--- PROBLEM DESCRIPTION ---
What is needed is the exact text of each line in the listing below from the one with "Dear 50 jhelum" up to and including the one with "Exclusive privileges for", and no pictures.

[EXERCISE MATERIAL]

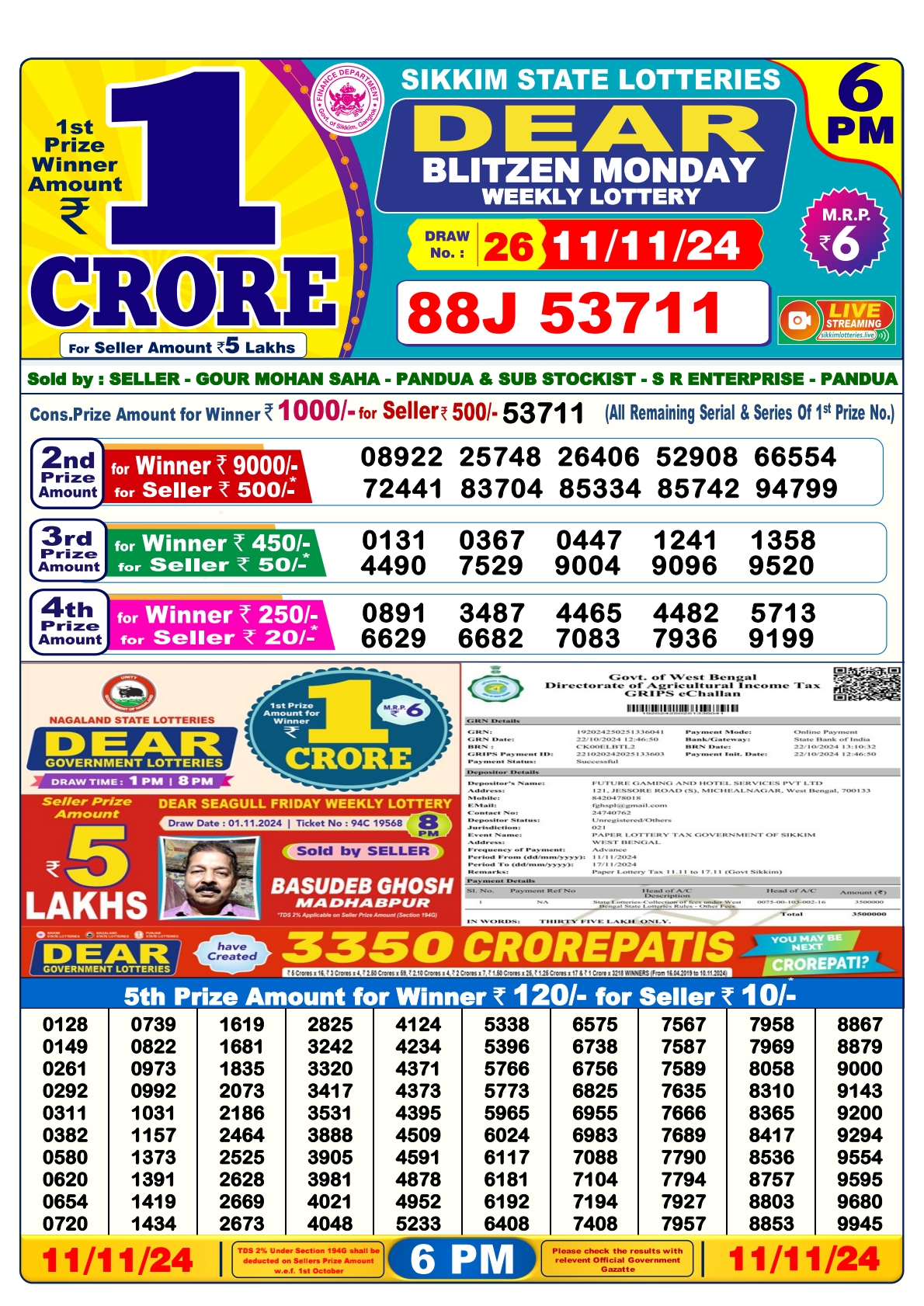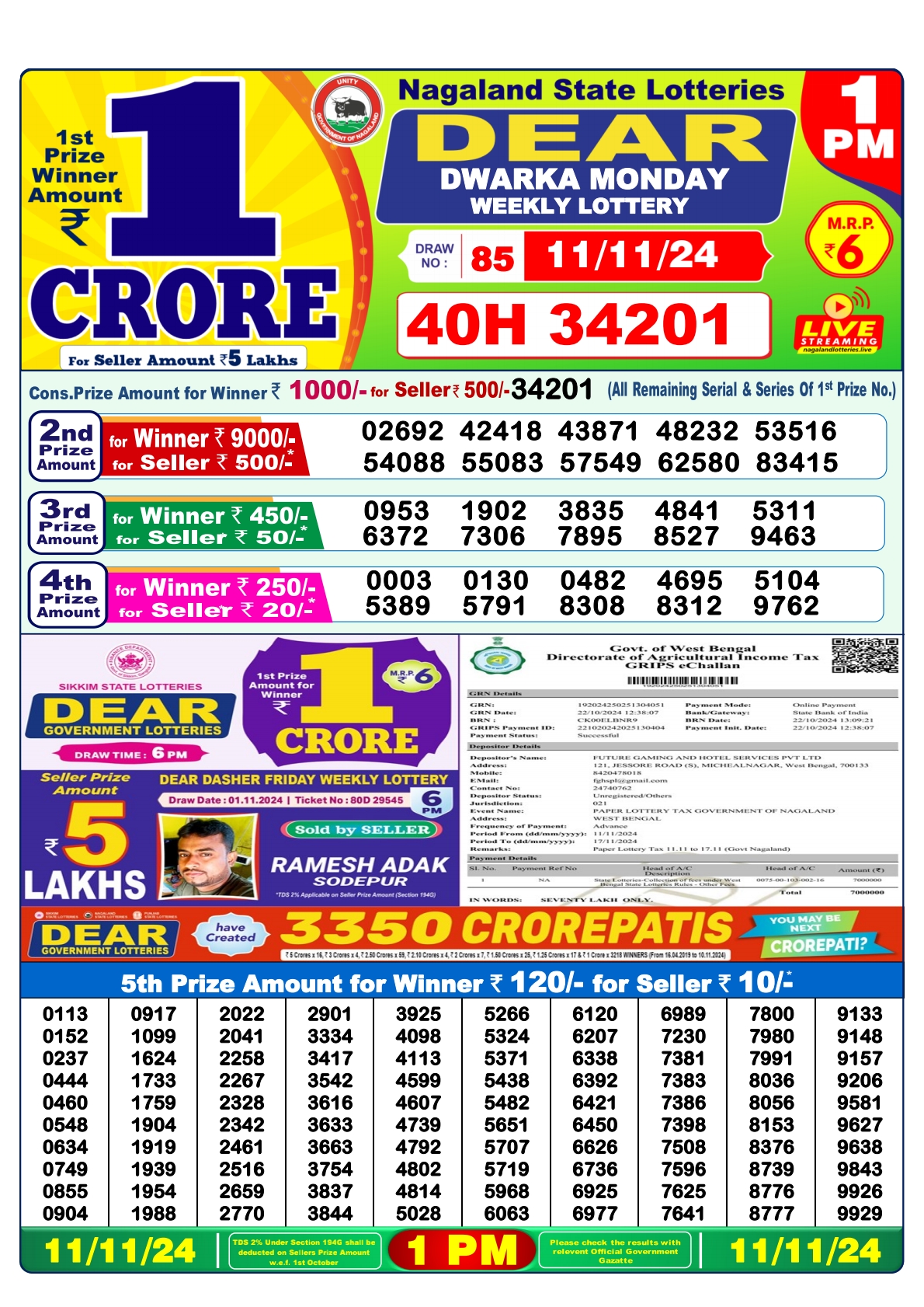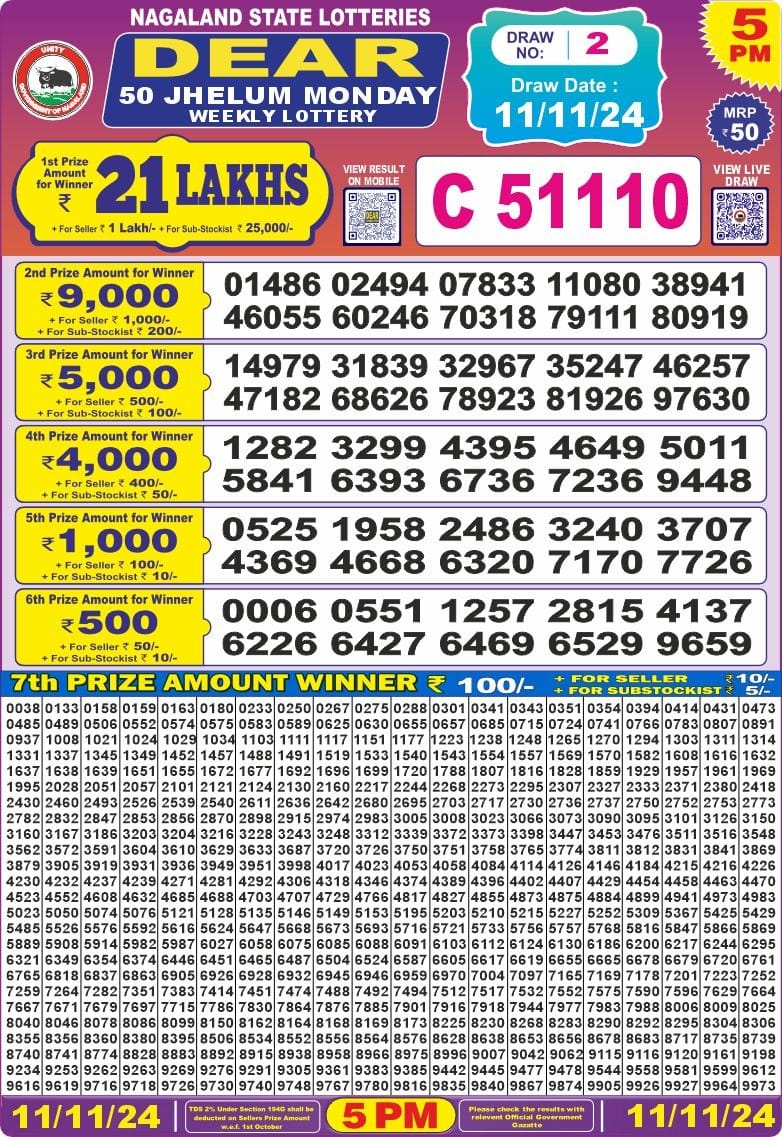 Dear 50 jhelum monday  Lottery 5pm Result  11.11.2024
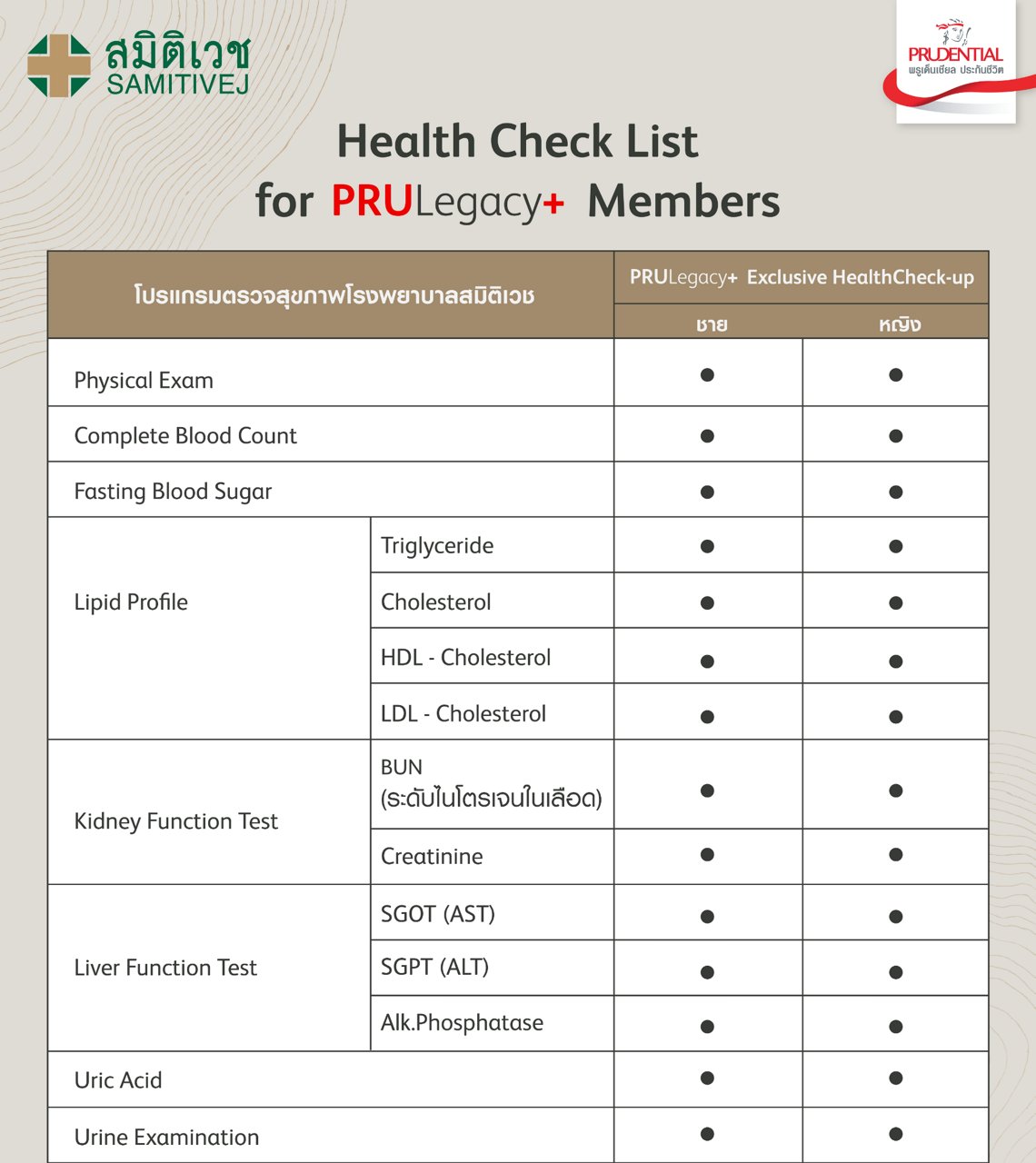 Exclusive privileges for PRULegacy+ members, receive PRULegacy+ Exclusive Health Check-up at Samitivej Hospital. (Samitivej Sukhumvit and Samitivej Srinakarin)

[/EXERCISE MATERIAL]
[EXERCISE MATERIAL]

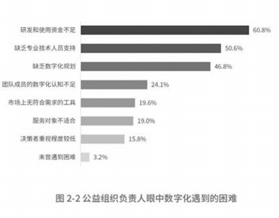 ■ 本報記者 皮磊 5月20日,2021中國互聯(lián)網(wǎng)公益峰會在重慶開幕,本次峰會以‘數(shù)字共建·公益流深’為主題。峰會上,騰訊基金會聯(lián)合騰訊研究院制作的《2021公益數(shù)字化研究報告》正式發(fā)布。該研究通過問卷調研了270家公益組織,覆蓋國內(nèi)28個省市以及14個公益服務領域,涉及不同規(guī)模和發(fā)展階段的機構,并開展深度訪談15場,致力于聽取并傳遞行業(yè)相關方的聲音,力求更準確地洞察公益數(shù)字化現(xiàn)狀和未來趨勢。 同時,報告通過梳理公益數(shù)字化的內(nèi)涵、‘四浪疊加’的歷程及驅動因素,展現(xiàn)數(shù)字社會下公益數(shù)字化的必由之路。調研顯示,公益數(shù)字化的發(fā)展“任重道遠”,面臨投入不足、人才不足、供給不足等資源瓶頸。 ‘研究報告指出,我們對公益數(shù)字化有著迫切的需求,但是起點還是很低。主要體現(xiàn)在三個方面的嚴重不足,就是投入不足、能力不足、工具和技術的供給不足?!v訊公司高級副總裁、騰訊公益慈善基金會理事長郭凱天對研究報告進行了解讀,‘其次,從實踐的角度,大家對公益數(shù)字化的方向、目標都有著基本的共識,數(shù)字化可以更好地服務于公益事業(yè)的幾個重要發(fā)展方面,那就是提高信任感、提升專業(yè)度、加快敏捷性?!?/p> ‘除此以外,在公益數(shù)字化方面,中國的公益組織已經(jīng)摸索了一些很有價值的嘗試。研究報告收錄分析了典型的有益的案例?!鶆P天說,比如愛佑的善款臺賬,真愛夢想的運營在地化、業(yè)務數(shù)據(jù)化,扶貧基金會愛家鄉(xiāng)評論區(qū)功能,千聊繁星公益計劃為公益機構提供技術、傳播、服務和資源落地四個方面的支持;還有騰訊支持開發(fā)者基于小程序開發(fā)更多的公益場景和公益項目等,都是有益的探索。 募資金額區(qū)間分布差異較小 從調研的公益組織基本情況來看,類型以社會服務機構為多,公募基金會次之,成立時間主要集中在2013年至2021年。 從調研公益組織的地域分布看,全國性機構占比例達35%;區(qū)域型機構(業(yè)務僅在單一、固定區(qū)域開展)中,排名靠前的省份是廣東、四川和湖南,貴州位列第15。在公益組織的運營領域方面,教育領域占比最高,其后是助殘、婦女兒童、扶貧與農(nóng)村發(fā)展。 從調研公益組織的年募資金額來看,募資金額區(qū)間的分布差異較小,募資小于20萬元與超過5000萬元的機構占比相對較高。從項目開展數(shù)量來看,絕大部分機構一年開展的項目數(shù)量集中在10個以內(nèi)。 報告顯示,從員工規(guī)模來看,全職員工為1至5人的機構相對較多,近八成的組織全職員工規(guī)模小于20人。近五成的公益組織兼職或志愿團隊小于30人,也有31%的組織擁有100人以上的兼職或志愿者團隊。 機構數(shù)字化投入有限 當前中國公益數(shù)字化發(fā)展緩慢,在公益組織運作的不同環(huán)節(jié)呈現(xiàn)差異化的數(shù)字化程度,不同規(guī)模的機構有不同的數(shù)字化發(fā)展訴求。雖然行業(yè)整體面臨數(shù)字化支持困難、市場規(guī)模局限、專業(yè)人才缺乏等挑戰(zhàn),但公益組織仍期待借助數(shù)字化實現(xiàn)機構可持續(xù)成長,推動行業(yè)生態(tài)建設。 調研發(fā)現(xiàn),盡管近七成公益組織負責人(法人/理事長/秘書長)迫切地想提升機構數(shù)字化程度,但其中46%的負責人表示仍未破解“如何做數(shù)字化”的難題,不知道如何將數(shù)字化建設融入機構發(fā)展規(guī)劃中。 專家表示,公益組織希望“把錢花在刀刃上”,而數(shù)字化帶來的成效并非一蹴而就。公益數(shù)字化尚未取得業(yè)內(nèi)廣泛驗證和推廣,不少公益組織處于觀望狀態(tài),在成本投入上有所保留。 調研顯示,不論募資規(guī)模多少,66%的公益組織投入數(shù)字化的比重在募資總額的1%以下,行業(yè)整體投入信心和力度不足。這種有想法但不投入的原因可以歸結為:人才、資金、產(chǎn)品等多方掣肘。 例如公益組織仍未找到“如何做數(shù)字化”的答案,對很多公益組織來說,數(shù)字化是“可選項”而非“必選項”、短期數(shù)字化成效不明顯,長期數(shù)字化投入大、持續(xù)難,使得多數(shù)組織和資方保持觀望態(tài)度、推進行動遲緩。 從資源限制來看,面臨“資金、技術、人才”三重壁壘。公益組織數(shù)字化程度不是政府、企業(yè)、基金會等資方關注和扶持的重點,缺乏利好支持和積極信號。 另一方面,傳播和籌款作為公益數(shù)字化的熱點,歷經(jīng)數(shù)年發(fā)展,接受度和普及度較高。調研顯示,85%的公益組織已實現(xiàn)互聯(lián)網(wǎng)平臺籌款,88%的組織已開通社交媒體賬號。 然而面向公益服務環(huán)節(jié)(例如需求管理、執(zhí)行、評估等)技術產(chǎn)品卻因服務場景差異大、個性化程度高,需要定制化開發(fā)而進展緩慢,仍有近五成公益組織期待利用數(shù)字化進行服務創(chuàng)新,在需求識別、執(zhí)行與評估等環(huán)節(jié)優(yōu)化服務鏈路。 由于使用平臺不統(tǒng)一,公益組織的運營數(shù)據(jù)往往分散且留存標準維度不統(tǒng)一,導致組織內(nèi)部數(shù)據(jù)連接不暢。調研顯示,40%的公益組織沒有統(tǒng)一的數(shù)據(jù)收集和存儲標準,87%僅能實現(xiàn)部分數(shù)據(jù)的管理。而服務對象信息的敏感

[/EXERCISE MATERIAL]

--- EXPECTED ANSWER ---
 Dear 50 jhelum monday  Lottery 5pm Result  11.11.2024
 Exclusive privileges for PRULegacy+ members, receive PRULegacy+ Exclusive Health Check-up at Samitivej Hospital. (Samitivej Sukhumvit and Samitivej Srinakarin)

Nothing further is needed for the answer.